Legislation filed in the House and Senate on behalf of the Chamber calls for the creation of a mobility pricing commission, “to investigate, study and make recommendations on the development and deployment of comprehensive and regionally equitable” public transportation, roadway and congestion pricing.
State Sen. Brendan Crighton, who filed the Senate version, said the commission would study ways to improve congestion, fourth-worst in the world in Boston, which “would help the economy, environment and the quality of life for countless residents.”

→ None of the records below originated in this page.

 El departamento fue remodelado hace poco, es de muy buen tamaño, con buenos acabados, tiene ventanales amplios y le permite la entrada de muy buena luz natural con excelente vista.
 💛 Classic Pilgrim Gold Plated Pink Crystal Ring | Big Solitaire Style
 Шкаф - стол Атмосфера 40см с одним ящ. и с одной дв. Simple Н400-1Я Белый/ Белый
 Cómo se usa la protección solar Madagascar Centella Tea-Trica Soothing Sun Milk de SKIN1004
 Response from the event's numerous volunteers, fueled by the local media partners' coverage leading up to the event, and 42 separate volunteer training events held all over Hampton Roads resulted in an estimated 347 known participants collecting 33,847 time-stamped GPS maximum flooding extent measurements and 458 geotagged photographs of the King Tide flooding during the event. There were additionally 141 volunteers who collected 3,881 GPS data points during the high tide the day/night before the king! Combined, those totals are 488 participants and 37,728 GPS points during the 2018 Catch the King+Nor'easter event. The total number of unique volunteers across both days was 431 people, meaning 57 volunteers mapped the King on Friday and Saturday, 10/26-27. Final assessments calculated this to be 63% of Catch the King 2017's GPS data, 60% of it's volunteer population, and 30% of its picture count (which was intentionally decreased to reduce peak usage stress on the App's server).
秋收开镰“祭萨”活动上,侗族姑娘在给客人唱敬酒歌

“We don’t have a plan for how we’re going to pay for the maintenance, upkeep, even investment in roads, bridges and transit,” said Jim Rooney, Boston Chamber president and CEO. “The proposal is to face the realities that it’s inequitable. It’s not sustainable.”
Rooney pointed to the elimination of the gas tax in 12 years, by way of Massachusetts outlawing the sale of gas-powered vehicles by 2035, saying a long-term plan is needed to make up for that loss of revenue.

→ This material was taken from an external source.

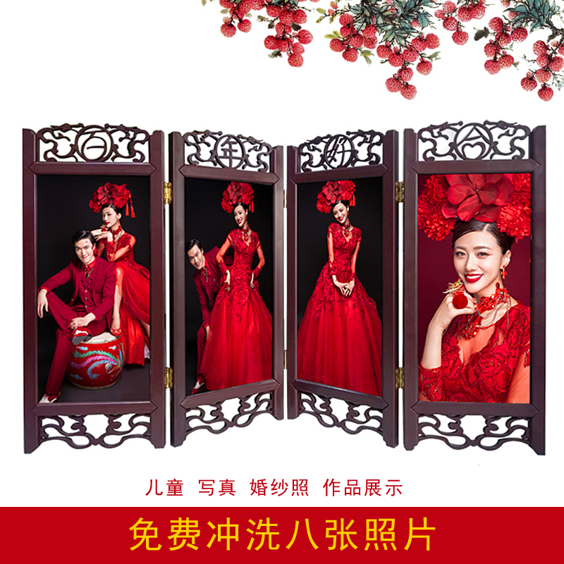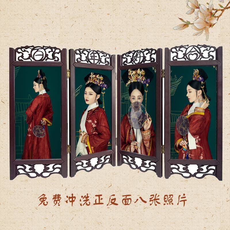 中国风盘子女人坊k仿古装写真复古怀旧四扇小屏风折叠相框摆台礼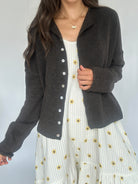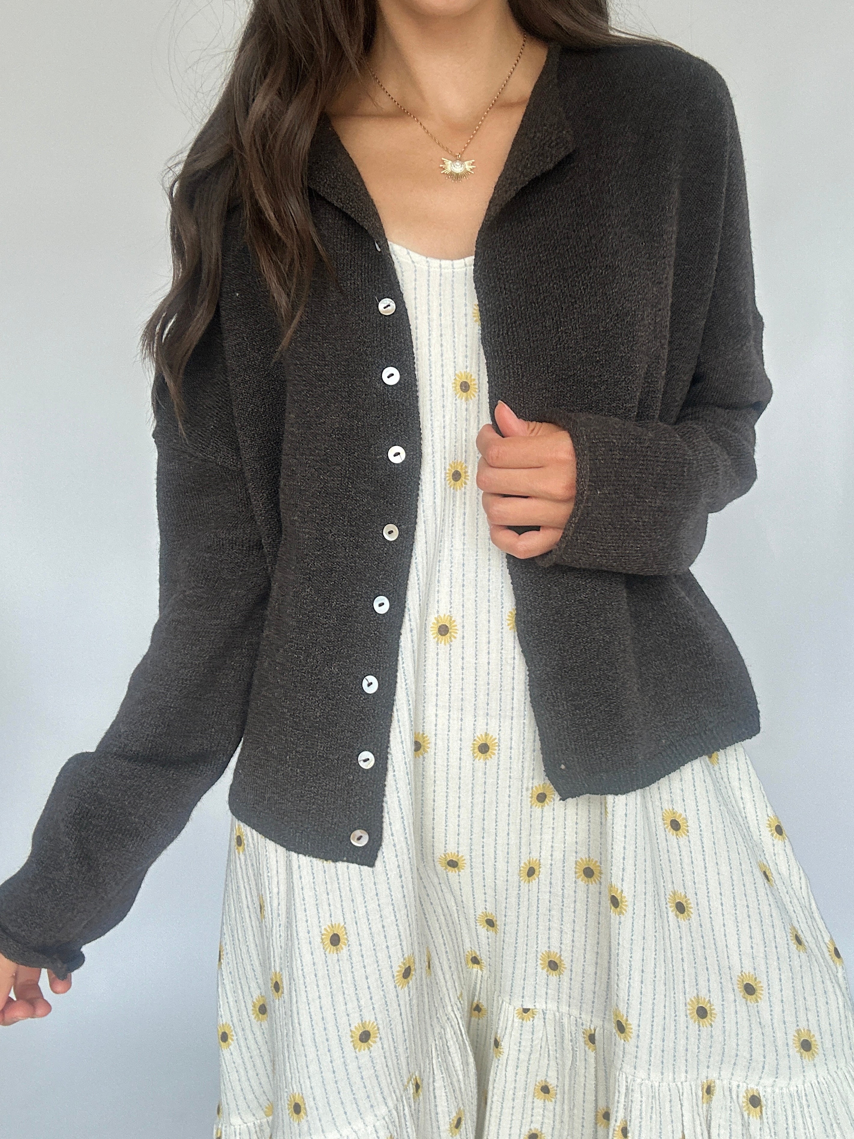 This chocolate brown cardigan is soft and light weight with a full button front and is the perfect layering piece. Or wear it alone with some jeans or wide leg pants!

The commission would study a number of options, including a more equitable tolling system and flat-rate public transit fares to incentivize ridership, but congestion pricing has proven to be a difficult selling point thus far, Rooney said.
Former Gov. Charlie Baker cited equity concerns with that concept when he vetoed the bill last summer, and Rooney expects there may be some political resistance to it this time around as well.
Also called mobility pricing, the concept can take a number of different forms, according to the U.S. Department of Transportation.
Toll prices could be increased during peak commuting hours, and discounted during off-peak hours, which reduced congestion in Seattle.
Zone-based pricing would involve adding tolls to charge drivers who are traveling within or into a congested area in Boston. This type of project has been implemented abroad in London, Stockholm and Singapore, but there are no operating examples in the U.S., according to USDOT.
A toll-free option would tax drivers based on the miles they drive with their personal vehicles, which has been tested in Minnesota and Oregon. Some people think it’s fair, but others feel it’s intrusive, Rooney said.
“Would it work in Boston? I don’t know. Is it politically feasible? I don’t know,” Rooney said. “If it’s not politically feasible — it could be a great idea in some people’s minds, it could work technically, technologically, but it’s not politically sellable.”
Rooney said he’s not predisposed to supporting a “massive congestion pricing” program, but is looking forward to gauging the reaction for it, should the bill pass and the commission be formed.
“Back when we tried to figure out how to pay for the Big Dig, it wasn’t popular to raise tolls on the Turnpike, but there was a bill coming,” he said. “Something had to be done, and the tolls we’re paying today is a result of that.”
It’s the Chamber’s third attempt at pushing the bill through, and Rooney said he’s already had early conversations with Gov. Maura Healey and the incoming transportation secretary.
Karissa Hand, Healey’s press secretary, said “the governor recognizes the need for long-term sustainable funding for our transportation system.
“She looks forward to partnering with the business community, Legislature and other stakeholders to think creatively on how we can increase our investment in transportation and strengthen our economy.”